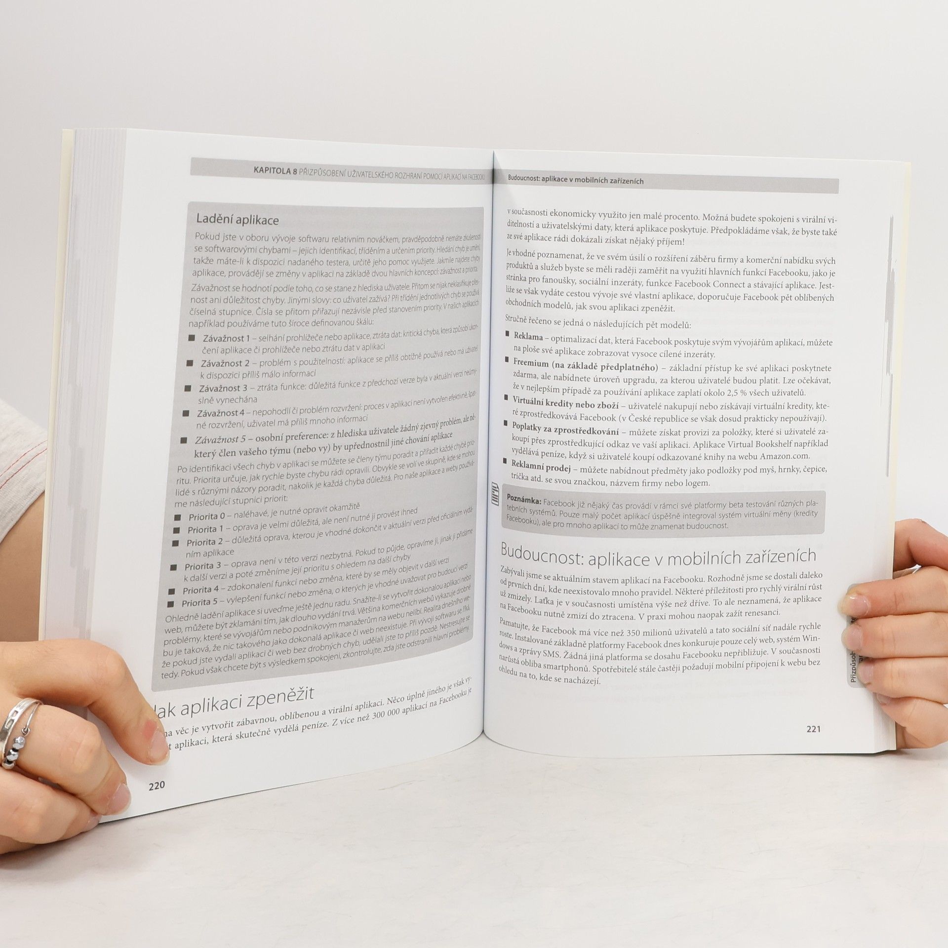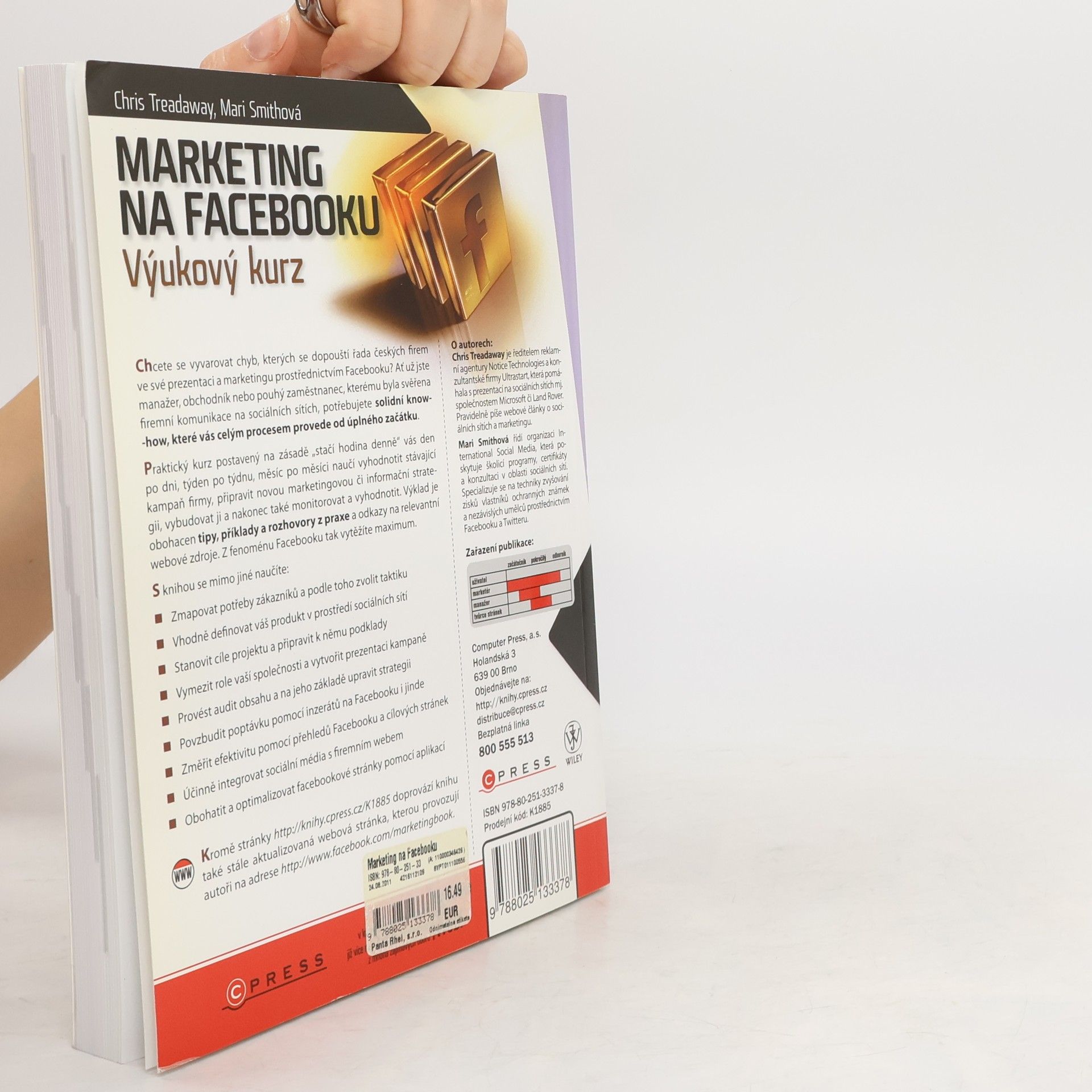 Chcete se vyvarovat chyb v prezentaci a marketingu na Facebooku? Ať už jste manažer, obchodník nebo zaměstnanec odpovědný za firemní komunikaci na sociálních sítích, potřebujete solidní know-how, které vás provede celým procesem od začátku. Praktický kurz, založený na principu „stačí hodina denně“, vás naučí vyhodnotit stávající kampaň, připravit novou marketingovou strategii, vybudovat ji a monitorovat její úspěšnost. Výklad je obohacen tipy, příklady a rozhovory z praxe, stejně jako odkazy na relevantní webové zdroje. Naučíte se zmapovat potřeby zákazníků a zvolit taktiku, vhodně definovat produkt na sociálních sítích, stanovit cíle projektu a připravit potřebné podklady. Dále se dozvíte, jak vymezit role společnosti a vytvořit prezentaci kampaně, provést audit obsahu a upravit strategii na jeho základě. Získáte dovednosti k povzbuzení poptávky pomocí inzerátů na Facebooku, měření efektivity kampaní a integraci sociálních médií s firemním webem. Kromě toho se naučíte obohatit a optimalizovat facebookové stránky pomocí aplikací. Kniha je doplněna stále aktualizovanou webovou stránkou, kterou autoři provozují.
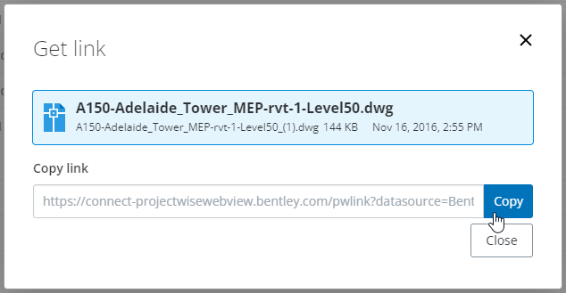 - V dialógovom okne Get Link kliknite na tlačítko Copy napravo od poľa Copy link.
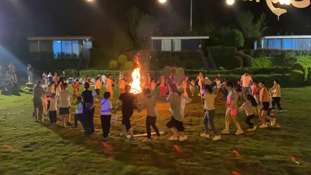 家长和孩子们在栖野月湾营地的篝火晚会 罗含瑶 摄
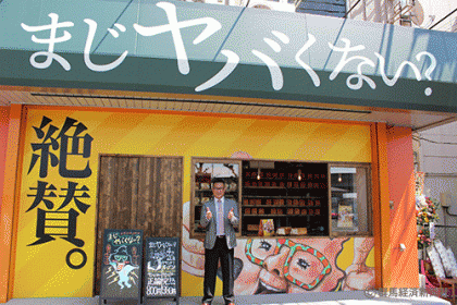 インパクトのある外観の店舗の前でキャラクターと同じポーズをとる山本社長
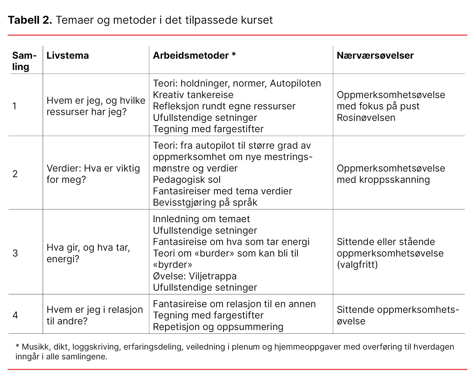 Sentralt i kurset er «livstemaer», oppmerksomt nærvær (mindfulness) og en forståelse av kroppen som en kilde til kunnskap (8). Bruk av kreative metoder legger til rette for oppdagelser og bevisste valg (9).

Work order>
Reproduce the whole listing word for word, setting aside any pictures.

Task output>
 Chcete se vyvarovat chyb v prezentaci a marketingu na Facebooku? Ať už jste manažer, obchodník nebo zaměstnanec odpovědný za firemní komunikaci na sociálních sítích, potřebujete solidní know-how, které vás provede celým procesem od začátku. Praktický kurz, založený na principu „stačí hodina denně“, vás naučí vyhodnotit stávající kampaň, připravit novou marketingovou strategii, vybudovat ji a monitorovat její úspěšnost. Výklad je obohacen tipy, příklady a rozhovory z praxe, stejně jako odkazy na relevantní webové zdroje. Naučíte se zmapovat potřeby zákazníků a zvolit taktiku, vhodně definovat produkt na sociálních sítích, stanovit cíle projektu a připravit potřebné podklady. Dále se dozvíte, jak vymezit role společnosti a vytvořit prezentaci kampaně, provést audit obsahu a upravit strategii na jeho základě. Získáte dovednosti k povzbuzení poptávky pomocí inzerátů na Facebooku, měření efektivity kampaní a integraci sociálních médií s firemním webem. Kromě toho se naučíte obohatit a optimalizovat facebookové stránky pomocí aplikací. Kniha je doplněna stále aktualizovanou webovou stránkou, kterou autoři provozují.
 - V dialógovom okne Get Link kliknite na tlačítko Copy napravo od poľa Copy link.
 家长和孩子们在栖野月湾营地的篝火晚会 罗含瑶 摄
 インパクトのある外観の店舗の前でキャラクターと同じポーズをとる山本社長
 Sentralt i kurset er «livstemaer», oppmerksomt nærvær (mindfulness) og en forståelse av kroppen som en kilde til kunnskap (8). Bruk av kreative metoder legger til rette for oppdagelser og bevisste valg (9).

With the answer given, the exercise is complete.